2 ноября их встречал Свердловск. Лебедевы приехали во всем летнем - вещичек потеплее нажить не успели... Мыкались по углам. Однажды за 500 рублей купили у ленинградцев, спасенных от блокады, подвальный закуточек в четыре квадратных метра, где теснились буржуйка да топчан. Неважно жили, говорит Евгений Иванович. Чуть помолчав, поправляется: тяжело жили. Он помнит, как еле выкарабкался из "сыпняка", как в мороз пешком ходил на работу, минуя пустыри и полуразрушенный мост через Исеть. Рабочий день длился 12 часов на жутком сквозняке. То и дело бегали греться в "термичку". Но силы оставались и на посещение театров. В музкомедии давали "Свадьбу в Малиновке", пели Маренич, Викс...
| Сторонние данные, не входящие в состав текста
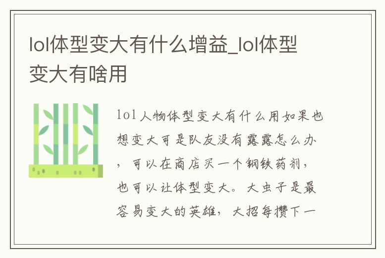就會獲得一個增益效果,生命值增加百分之十,體積變大。某些英雄的技能可以使其他英雄變大,如仙靈女巫的R技能可以使其他英雄的體型變大。某些消耗品可以使英雄變大,如鋼鐵合劑可以使英雄體型增大百分之二十五。
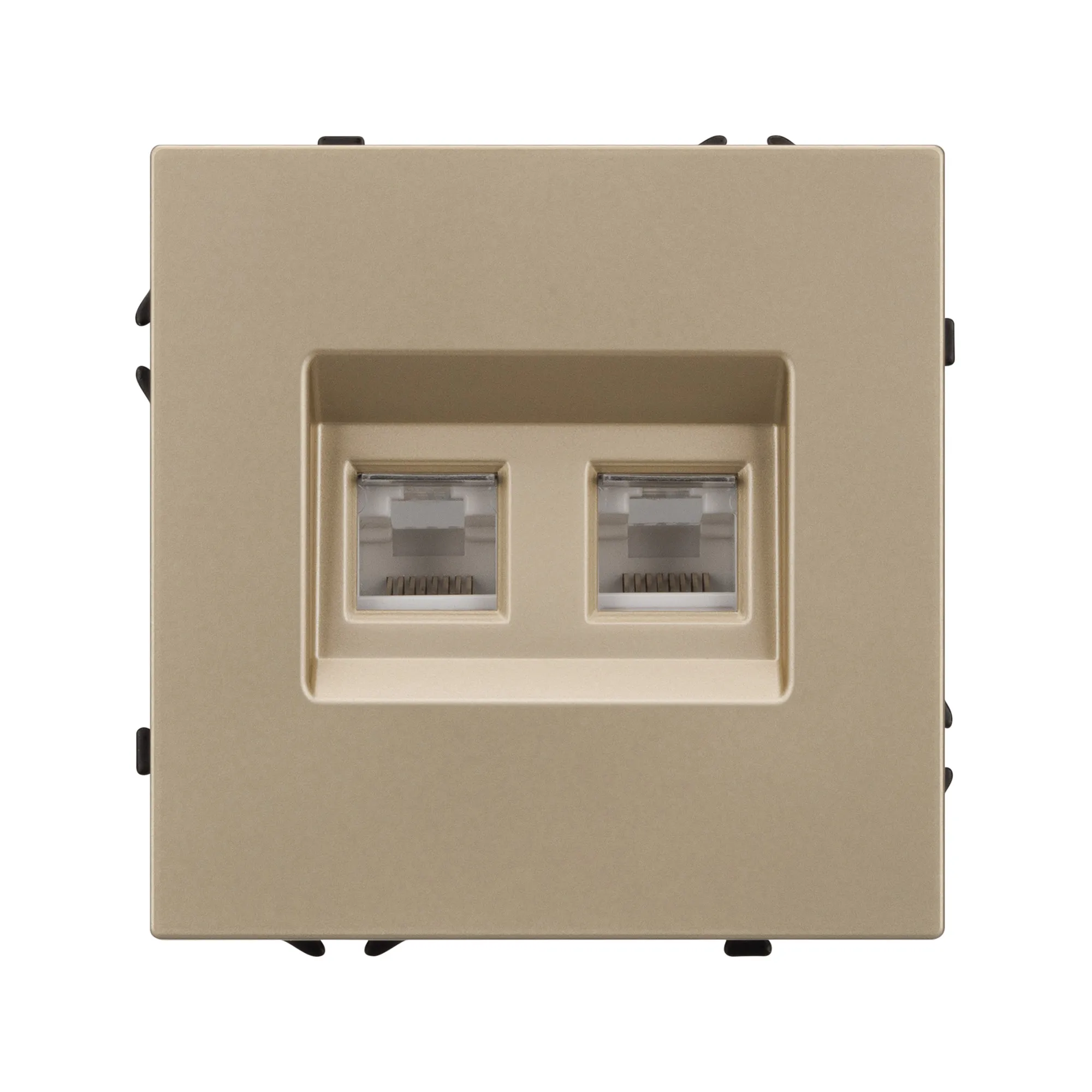 Механизм компьютерной розетки на 2 поста 6-й категории. Цвет - золотой песок, с Soft-Touch покрытием. Без фронтальной рамки. Уровень пылевлагозащиты IP20. Тип подключаемого разъема - RJ45. Розетка устанавливается в стандартный подрозетник круглого сечения диаметром 60мм.
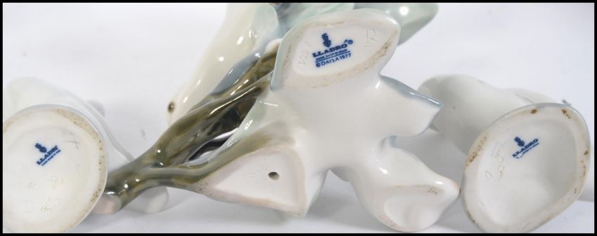 A collection of Lladro figurines, all blue stamped for Lladro to include gull on naturalistic plinth, swans and geese. H29cm
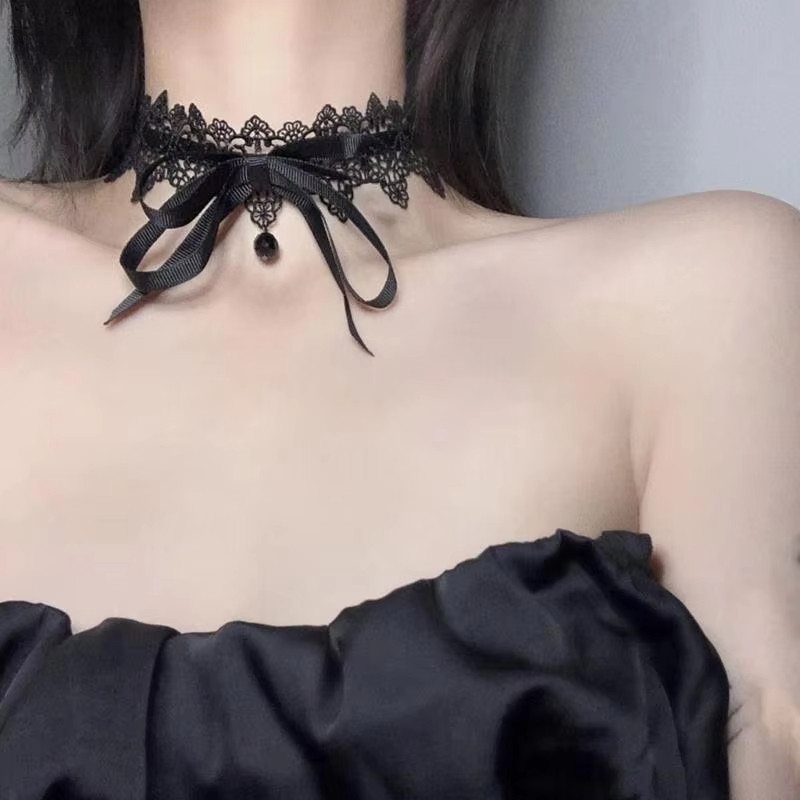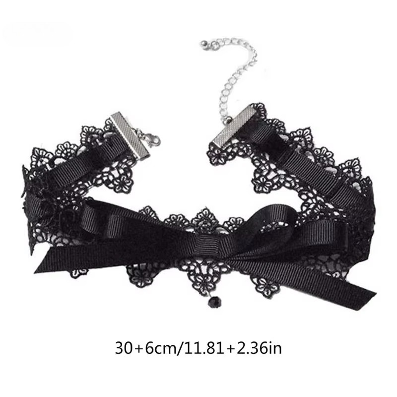 Elegante Preto Renda Bowkot Gargantilha Colares Gótico Vintage Curto Corrente Colar Moda Jóias
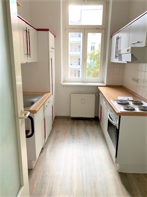 Diese schöne 4-Raum Wohnung ist frei werdend zum 01.12.20125 und befindet sich im dritten Obergeschoss des Vorderhauses. Die Räume sind mit einem gepflegten Laminatfußboden ausgestattet und laden zum Wohlfühlen ein. Das Bad ist innenliegend und verfügt über eine gemütliche Wanne sowie einen Waschmaschinenanschluss. Ein Zimmer ist ein Durchgangszimmer, zum hinteren vierten Zimmer mit anliegendem Balkon. Die Küche ist mit einer Einbauküche ausgestattet, die jeden Hobbykoch erfreuen sollte.
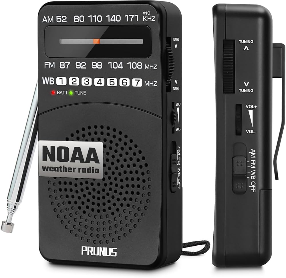 PRUNUS NOAA Weather Radio AM FM, Battery Powered Radio by AA, Transistor Radios, Earphone Jack, Portable Radio AM FM WB for Emergency, Hurricane, Floods, Snowstorms

И во время войны, и после Лебедев рвался обратно в Москву. До сих пор не изжил тоску по местам своей молодости. Несколько раз пытался уехать с Урала - и все как-то не получалось. Когда же пришел верный случай, у Лебедевых уже подрастало двое детей - поздно сниматься с якоря, да и жить в Москве с родственниками - тесновато...
Трудно поверить, что этот всегда аккуратный, дисциплинированный трудяга, когда совсем прижимало, "обижался на власть". К примеру, вскоре после войны бросил платить комсомольские взносы в знак протеста: все тот же надоевший квартирный вопрос... Так, добровольно, и вышел из "ленинских" рядов. А квартиру получил, кстати, только в 1961 году.
Вообще-то, по мнению Лебедева, если люди ничего не боятся, тогда и порядка нет. Так он объясняет, скажем, успехи сталинского управления экономикой. Видимо, Лебедев - из тех, у кого трепетное отношение к труду в генах сидит. Токарничать он любит вдумчиво, не торопясь. Когда идет заказ на большую партию деталей - это не по нему, если честно. Стоишь, как автомат, водишь руками по заученным траекториям... Настоящее удовольствие Евгений Иванович испытывает, когда приходится трудиться, как сейчас, над высокоточным инструментом - дело, требующее необыкновенного терпения и надежного опыта. Кроме Лебедева, вряд ли кто на Уральском оптико-механическом заводе с этой работой сегодня справится так, чтобы комар носа не подточил.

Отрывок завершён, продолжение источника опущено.